18 março 2006

Acima de qualquer suspeita

O ministro dos Assuntos Parlamentares queixa-se, em carta ao director do jornal Público, de 17/03/06, que a sua entrevista, publicada a 13 deste mês, foi «editada» de tal maneira que inseriram «transcrições erradas do que afirma o entrevistado». Augusto Santos Silva apresenta quatro exemplos concretos da acusação que faz ao jornal. O director do jornal, em resposta, argumenta: a de Augusto Santos Silva foi a primeira reclamação, em mais de 150 entrevistas, pelo que, deixa a entender, não é significativo…; sobre o «conteúdo dos protestos», o sr. director acha que quem deve julgar se Augusto Santos Silva tem ou não razão, são os leitores, eximindo-se, por um lado, à sua responsabilidade, e, por outro, atribuindo aos leitores a responsabilidade de julgarem aquilo que ele fez…; quanto aos exemplos apresentados pelo entrevistado, o sr. director julga que aqueles o «deixam de consciência tranquila», justificando-se pela «condensação» da entrevista, «indispensável à sua inteligibilidade», e passa a explicar como é que se faz essa «condensação», de modo a garantir que, de «40 mil caracteres» se passe para os publicados «13 mil»: «cortar as repetições»; «comprimir as perguntas dos entrevistadores»; «retirar a retórica verbal conservando o essencial das respostas», mas sempre de forma «fiel ao pensamento do entrevistado»
O que torna esta explicação do director do Público, exaustiva e sui generis, é que ela não adianta nada em termos do que é reclamado pelo entrevistado, declinando, ainda por cima, neste, a responsabilidade de tudo, até porque, acrescenta o sr. director, «o ministro não terá gostado da forma como lhe correu a entrevista»! Quer dizer: o ministro vê a sua entrevista truncada, recortada, resumida aqui e ali, por isso reclama, e a resposta é a de que o problema é… dele!

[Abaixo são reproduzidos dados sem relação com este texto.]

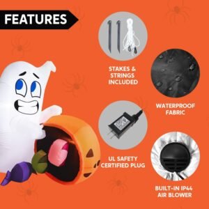 Brighten up your Halloween with the Joiedomi 5FT Inflatable Ghost with Pumpkin Cauldron — a cheerful outdoor decoration that glows with built-in LED lights. This inflatable ghost adds a friendly, festive touch to your yard while delighting trick-or-treaters and guests.

Poderia ser de outra maneira? Poderia ser que alguma passagem da entrevista tivesse sido mais truncada do que o necessário para apreender-lhe o sentido? Poderia ser que certa passagem estava a ser citada fora do contexto e, assim, a adquirir outro sentido que não o original? Poderia ser que, mesmo sem querer, outra afirmação fosse cortada de forma intempestiva, porque considerada de menor importância? Os srs. jornalistas não cometem erros desses. Os srs. jornalistas podem censurar os textos que julgam dever publicar? Os srs. jornalistas podem deturpar voluntariamente o sentido dos textos publicados? Os srs. jornalistas nunca têm intenções dessas. Os srs. jornalistas são só profissionais acima de qualquer suspeita. Todos. Eis a lição do sr. director.